Modular Terraform: one architecture pattern across 6 projects

Why modules instead of monolithic Terraform

The simplest Terraform configuration is a single main.tf that declares every resource in sequence: VPC, subnets, security groups, EKS cluster, node groups, RDS instance, IAM roles. This works for the initial deployment. It stops working the first time you need to change anything.

The blast radius of every change is the entire environment. A modification to the EKS node group configuration requires a plan that touches the VPC module, the RDS module, and every IAM resource — even though none of them changed. The diff is unreadable. Review is impossible. Confidence is low.

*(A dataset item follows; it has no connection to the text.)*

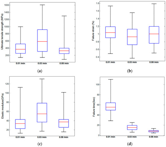 Figure 11a–d shows the distribution of failure strength, failure strain, elastic modulus and failure time of technical flax fibers at three different strain rates, namely 0.01 , 0.03 , and 0.08 . For all box and whisker plots in this study, the red line represents the median. The blue box represents the interquartile range (IQR). The whiskers at the lower and upper end represent the span of all the data points, that is, the range of the data points. Generally, when the data points lie outside the 1.5 times the interquartile range (IQR), they are defined as the outliers. However, due to the relatively small data sets (50 specimens for each strain rate), no values were removed as outliers. All the data points were taken into consideration for calculating the mean and standard deviation [54].

Module boundaries solve this. Each module owns a specific infrastructure concern, has a defined interface (input variables, output values), and can be planned and applied independently. A change to the EKS configuration produces a plan that only touches EKS resources. The VPC and RDS resources are not in the plan because they are not in the module being modified.

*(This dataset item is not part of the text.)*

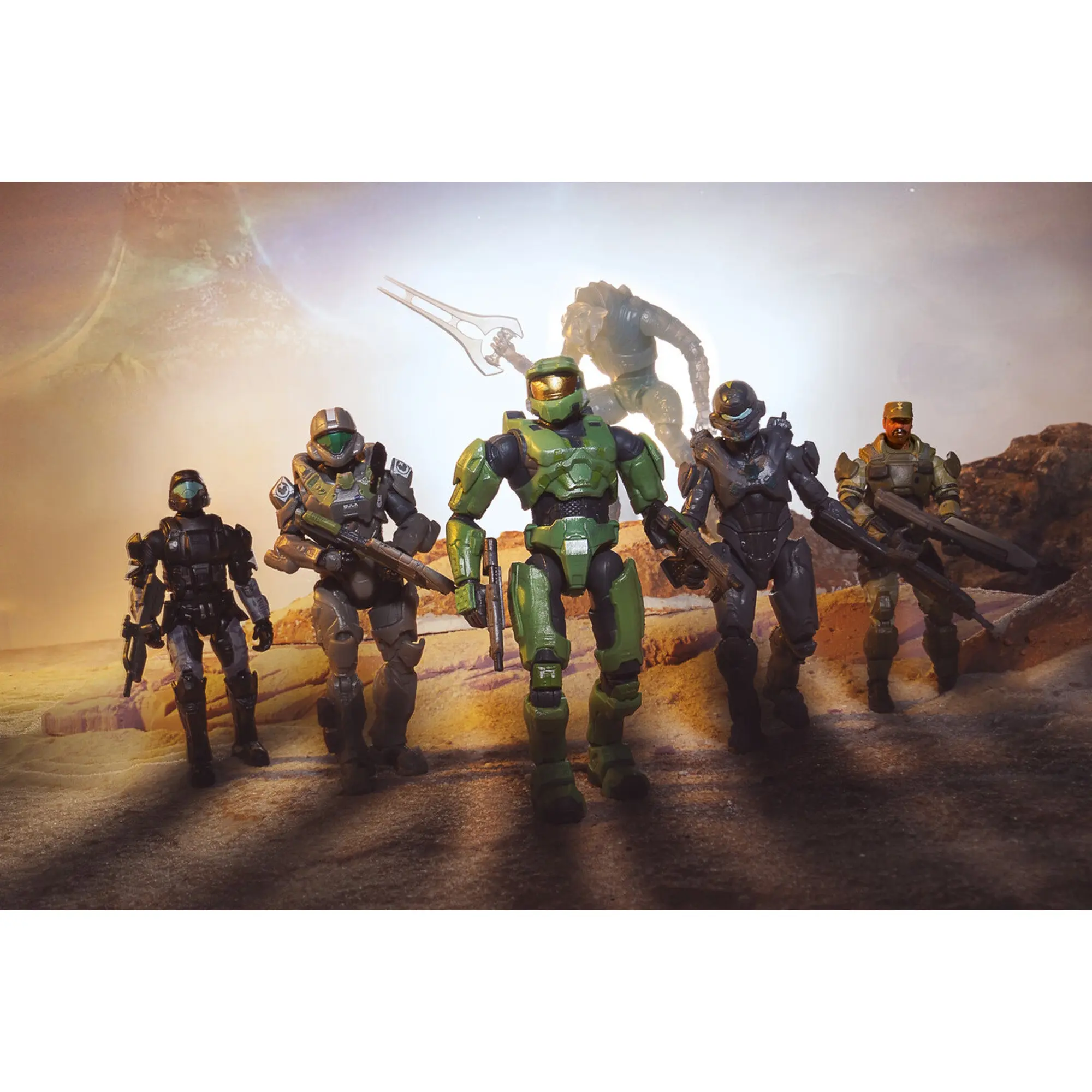 ·Lock and load with the Big Shot Box Battle Pack. This deluxe pack features six posable 4-inch action figures from the Halo Universe: Sgt. Johnson (Halo 3), ODST (Halo 3), Master Chief (Halo 2), Arbiter (Halo 3), Spartan Locke (Halo 5), and Spartan Buck (Halo 5).

The lra-cloud-ops projects use this module structure consistently. The same pattern appears in aws-terraform-devops, gitops-stack, and any project that provisions AWS infrastructure. Learning it once means understanding all of them.

Real module structure

terraform/
├── modules/
│   ├── vpc/
│   │   ├── main.tf
│   │   ├── variables.tf
│   │   └── outputs.tf
│   ├── eks/
│   │   ├── main.tf
│   │   ├── variables.tf
│   │   └── outputs.tf
│   ├── rds/
│   │   ├── main.tf
│   │   ├── variables.tf
│   │   └── outputs.tf
│   ├── iam/
│   │   ├── main.tf
│   │   ├── variables.tf
│   │   └── outputs.tf
│   └── ecr/
│       ├── main.tf
│       ├── variables.tf
│       └── outputs.tf
├── environments/
│   ├── dev/
│   │   └── terraform.tfvars
│   └── prod/
│       └── terraform.tfvars
├── main.tf        ← module composition
├── variables.tf
├── outputs.tf
└── backend.tf

The top-level main.tf is the composition layer. It calls each module and passes outputs from one module as inputs to the next. The VPC module outputs subnet IDs and the VPC ID; the EKS module takes those as inputs. The dependencies are explicit and traceable.

# terraform/modules/eks/main.tf
resource "aws_eks_cluster" "main" {
  name     = var.cluster_name
  role_arn = aws_iam_role.cluster.arn
  version  = var.kubernetes_version

  vpc_config {
    subnet_ids              = var.private_subnet_ids
    endpoint_private_access = true
    endpoint_public_access  = var.enable_public_endpoint
    security_group_ids      = [aws_security_group.cluster.id]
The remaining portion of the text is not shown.